Just an FYI that might help someone...

This is an excerpt from a Market Watch article today.
Its why I am not tempted to sell in a downturn.

The greatest danger is being out of the market
From 1996 through 2015, the S&P 500 returned an average of 8.2% a year, yet if you missed out on the top 10 trading days because you were trying to time the market, the returns shrank to just 4.5%. And If you missed out on the top 20 trading days, your returns came in at just 2.1%.

Jsmith

Quote from: numbers on September 18, 2018, 01:34:13 PM
Just an FYI that might help someone...

This is an excerpt from a Market Watch article today.
Its why I am not tempted to sell in a downturn.

The greatest danger is being out of the market
From 1996 through 2015, the S&P 500 returned an average of 8.2% a year, yet if you missed out on the top 10 trading days because you were trying to time the market, the returns shrank to just 4.5%. And If you missed out on the top 20 trading days, your returns came in at just 2.1%.

Wow this is a crazy stat that I have never heard of, but I will absolutely be using when talking to others about timing the market.

Bonsai

I don't think you are wrong, I think you are right.  I currently hold $300,000 in cash for a downturn or about 4 years of living expenses (no debt) and about 8% of my liquid portfolio (real estate excluded).  In addition, I have a small military disability payment, a middling SSA retirement payment and dividends from my portfolio.  I have lived and invested through the dot.com bubble (2000) and the great recession (2008) and I feel mentally strong enough to keep investing when there is blood in the streets.  I am a big fan of Scott Burns, of Dallas Morning News and Couch Potato Portfolio(s) fame, who wrote:
      "Similarly, people who are well off, people who can easily pay all their bills and taxes from Social Security, pensions and    stock dividends, can afford to be 100% invested in stocks." 
I subscribe to Scott's observation and I am quite happy building the pot for the kids or charities -- when that time comes. 

numbers

Bonsai
I know one day means nothing, but today it was nice to earn just about 1% on 95% of my portfolio instead of on the 60% or 70% typically allocated to equities. Happy to hear from you, as I said almost everyone else does not like the strategy.

Jsmith
Today might have been one of those days.

Jsmith

Numbers,

It very well may have been one of those days. It always bums me out a bit thinking how I'm starting my career (and retirement nest egg) at the tail end of one of the greatest 10 year bull runs. I'm not going to let it affect me though and will continue to stuff my 401k and after tax brokerage account as much as I possibly can early on with limited other responsibilities.

numbers

Jsmith,
Don't give it a single thought, just pound that money in there. The fact that you are starting out so young, and already know what your doing will mean you will accumulate more money than you can even imagine.

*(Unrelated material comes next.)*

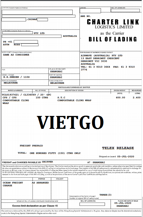 Để củng cố thêm lòng tin cho Quý vị, ông Ross đã gửi đến Quý vị một vận đơn (Bill of Lading) của một chuyến hàng nhập khẩu mà Công ty ông đã nhập khẩu thành công từ Trung Quốc.

I started late, putting money away mostly during the "lost decade", knowing that it had to be invested so that when the good times came I would be participating, they did come with this bull run.  Even though I started late I have more than I imagined. What might have been if I started in my 20's... mind blowing.

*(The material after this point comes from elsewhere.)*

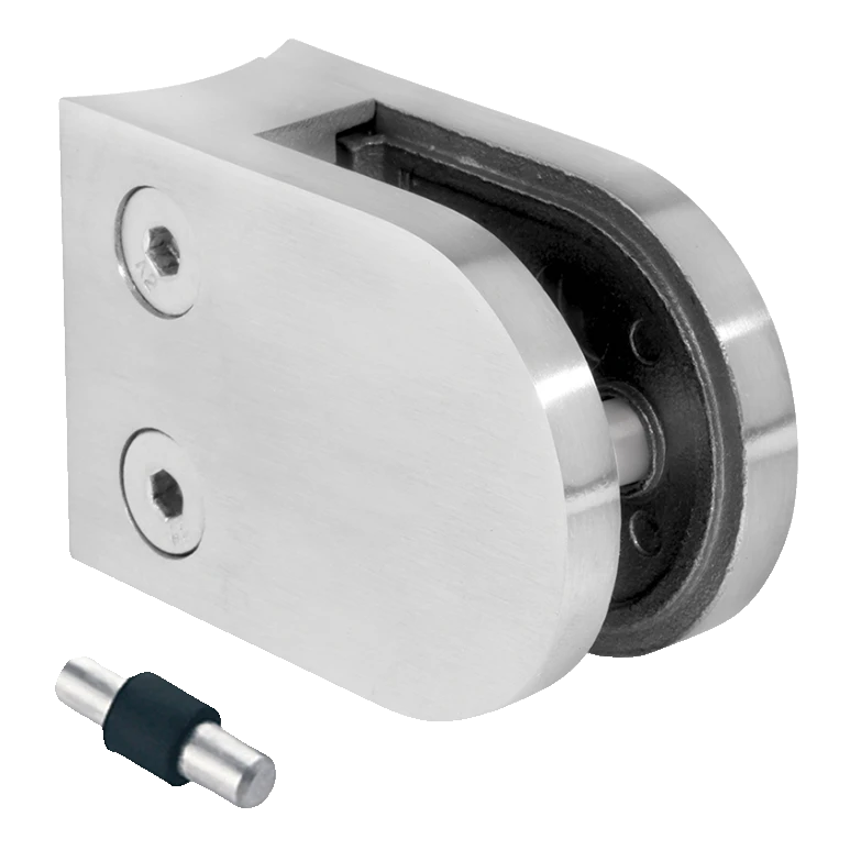 Držák je dodáván spolu se zajišťovacím pinem, který zabraňuje náhodnému vysunutí skleněné tabule. Montáž probíhá zašroubováním držáku přímo na nosnou trubku — nevyžaduje svařování ani dodatečné adaptéry. Vnitřní gumové vložky chrání hrany skla před poškrábáním a kompenzují tolerance tloušťky tabule v rozsahu 6–10,76 mm.

Also remember it will seem like slow going for many years, then all of a sudden you'll hit "critical mass" , the base will be big and then even "normal" returns will equal big bucks, and when you get one of those 20% or 30% years, its crazy, just crazy good.

And forget the down turns, in the accumulation phase you want a down market cause you're buying cheap.

Your situation makes me wish I had it to do over again.
Best of Luck


Jsmith

Numbers,
Thanks for the encouragement. I'm definitely trying to flood as much money as I can in all of my accounts, and if the market does end up pulling back some, then I will put even more away.

Best of luck with your continued saving too and hopefully there's some more good times ahead for all of us.

Bonsai

Jsmith:
I echo Numbers observations.  Do not lament future down periods.  Dollar-cost-averaging (DCA) is a great way build a portfolio for a newer investor.  Also, Warren Buffett advises one to buy when there is blood in the streets.  I don't argue with Mr. Buffett.